>>

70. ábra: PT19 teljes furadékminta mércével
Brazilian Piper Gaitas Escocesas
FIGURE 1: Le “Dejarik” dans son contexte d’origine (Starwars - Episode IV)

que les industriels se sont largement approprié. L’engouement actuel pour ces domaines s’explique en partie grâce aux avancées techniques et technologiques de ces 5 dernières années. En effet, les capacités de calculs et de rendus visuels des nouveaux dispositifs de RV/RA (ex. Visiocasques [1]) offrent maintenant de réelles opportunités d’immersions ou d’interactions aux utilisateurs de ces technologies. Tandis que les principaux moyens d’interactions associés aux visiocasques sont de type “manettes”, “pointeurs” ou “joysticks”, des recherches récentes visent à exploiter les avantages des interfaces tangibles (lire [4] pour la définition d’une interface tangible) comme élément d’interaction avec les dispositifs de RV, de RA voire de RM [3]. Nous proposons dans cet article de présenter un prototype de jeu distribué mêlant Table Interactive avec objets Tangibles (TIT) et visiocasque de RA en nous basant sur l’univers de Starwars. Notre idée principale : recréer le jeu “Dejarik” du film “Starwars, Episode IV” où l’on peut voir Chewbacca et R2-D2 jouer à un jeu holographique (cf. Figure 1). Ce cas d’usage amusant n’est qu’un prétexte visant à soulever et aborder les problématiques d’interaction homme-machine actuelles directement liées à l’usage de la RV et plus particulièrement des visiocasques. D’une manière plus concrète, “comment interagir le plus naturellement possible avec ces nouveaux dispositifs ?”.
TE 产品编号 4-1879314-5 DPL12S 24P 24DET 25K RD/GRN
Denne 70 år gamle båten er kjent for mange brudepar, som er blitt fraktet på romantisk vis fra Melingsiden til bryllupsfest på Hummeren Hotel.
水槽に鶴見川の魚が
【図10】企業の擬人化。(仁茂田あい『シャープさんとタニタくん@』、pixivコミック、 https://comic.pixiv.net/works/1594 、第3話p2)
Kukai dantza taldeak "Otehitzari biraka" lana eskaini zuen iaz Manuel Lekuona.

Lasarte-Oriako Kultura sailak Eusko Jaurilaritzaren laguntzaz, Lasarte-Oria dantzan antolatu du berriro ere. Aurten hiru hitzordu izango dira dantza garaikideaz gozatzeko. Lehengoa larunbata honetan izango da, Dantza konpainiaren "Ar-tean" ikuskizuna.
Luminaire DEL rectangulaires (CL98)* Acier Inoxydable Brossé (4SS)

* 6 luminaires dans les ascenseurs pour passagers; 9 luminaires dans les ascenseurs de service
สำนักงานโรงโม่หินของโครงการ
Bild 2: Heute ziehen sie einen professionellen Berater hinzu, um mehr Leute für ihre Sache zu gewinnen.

<<
>>

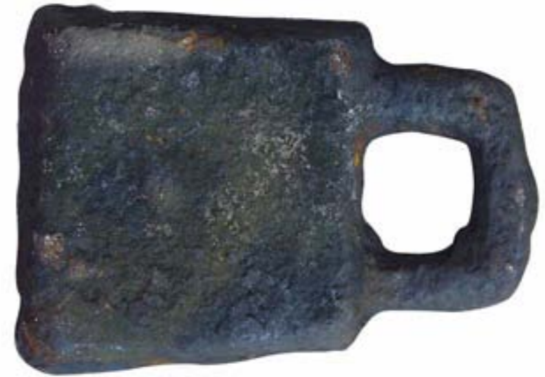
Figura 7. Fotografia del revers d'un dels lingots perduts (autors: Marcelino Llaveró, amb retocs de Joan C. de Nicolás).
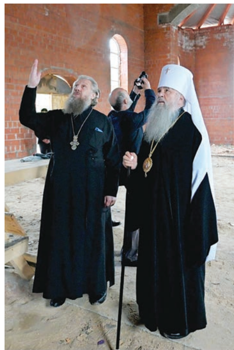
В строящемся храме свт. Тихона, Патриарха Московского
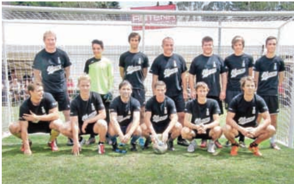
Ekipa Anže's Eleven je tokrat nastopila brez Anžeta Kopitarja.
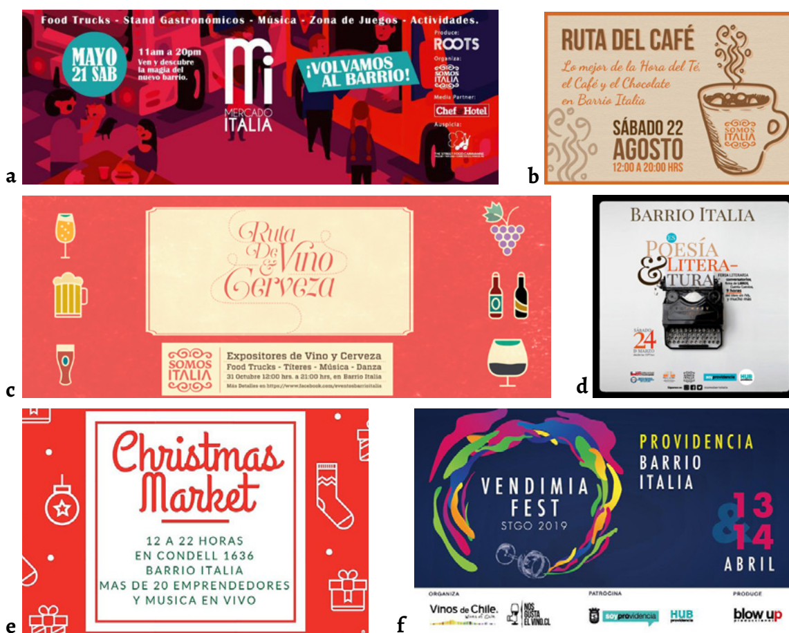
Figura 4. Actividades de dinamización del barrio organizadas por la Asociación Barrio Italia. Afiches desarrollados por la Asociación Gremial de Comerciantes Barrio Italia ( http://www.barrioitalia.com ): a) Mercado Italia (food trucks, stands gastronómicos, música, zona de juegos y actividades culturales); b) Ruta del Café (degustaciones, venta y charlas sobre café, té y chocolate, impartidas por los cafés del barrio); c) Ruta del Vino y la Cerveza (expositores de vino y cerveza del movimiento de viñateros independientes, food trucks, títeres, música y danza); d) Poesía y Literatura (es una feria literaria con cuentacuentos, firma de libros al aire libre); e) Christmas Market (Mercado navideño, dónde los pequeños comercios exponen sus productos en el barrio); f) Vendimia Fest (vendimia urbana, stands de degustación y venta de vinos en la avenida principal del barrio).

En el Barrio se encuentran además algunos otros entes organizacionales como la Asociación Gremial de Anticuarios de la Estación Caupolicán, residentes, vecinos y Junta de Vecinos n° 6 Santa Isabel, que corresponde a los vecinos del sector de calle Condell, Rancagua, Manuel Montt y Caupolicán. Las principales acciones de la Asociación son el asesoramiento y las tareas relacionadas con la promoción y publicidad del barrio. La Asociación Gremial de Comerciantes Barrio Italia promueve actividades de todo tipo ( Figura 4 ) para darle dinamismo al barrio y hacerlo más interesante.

<<

Set down, exactly as they appear above, all lines from the one that has "FIGURE 1: Le" down to the one that has "TE 产品编号 4-1879314-5", including those two and no others.

** Answer area **
FIGURE 1: Le “Dejarik” dans son contexte d’origine (Starwars - Episode IV)

que les industriels se sont largement approprié. L’engouement actuel pour ces domaines s’explique en partie grâce aux avancées techniques et technologiques de ces 5 dernières années. En effet, les capacités de calculs et de rendus visuels des nouveaux dispositifs de RV/RA (ex. Visiocasques [1]) offrent maintenant de réelles opportunités d’immersions ou d’interactions aux utilisateurs de ces technologies. Tandis que les principaux moyens d’interactions associés aux visiocasques sont de type “manettes”, “pointeurs” ou “joysticks”, des recherches récentes visent à exploiter les avantages des interfaces tangibles (lire [4] pour la définition d’une interface tangible) comme élément d’interaction avec les dispositifs de RV, de RA voire de RM [3]. Nous proposons dans cet article de présenter un prototype de jeu distribué mêlant Table Interactive avec objets Tangibles (TIT) et visiocasque de RA en nous basant sur l’univers de Starwars. Notre idée principale : recréer le jeu “Dejarik” du film “Starwars, Episode IV” où l’on peut voir Chewbacca et R2-D2 jouer à un jeu holographique (cf. Figure 1). Ce cas d’usage amusant n’est qu’un prétexte visant à soulever et aborder les problématiques d’interaction homme-machine actuelles directement liées à l’usage de la RV et plus particulièrement des visiocasques. D’une manière plus concrète, “comment interagir le plus naturellement possible avec ces nouveaux dispositifs ?”.
TE 产品编号 4-1879314-5 DPL12S 24P 24DET 25K RD/GRN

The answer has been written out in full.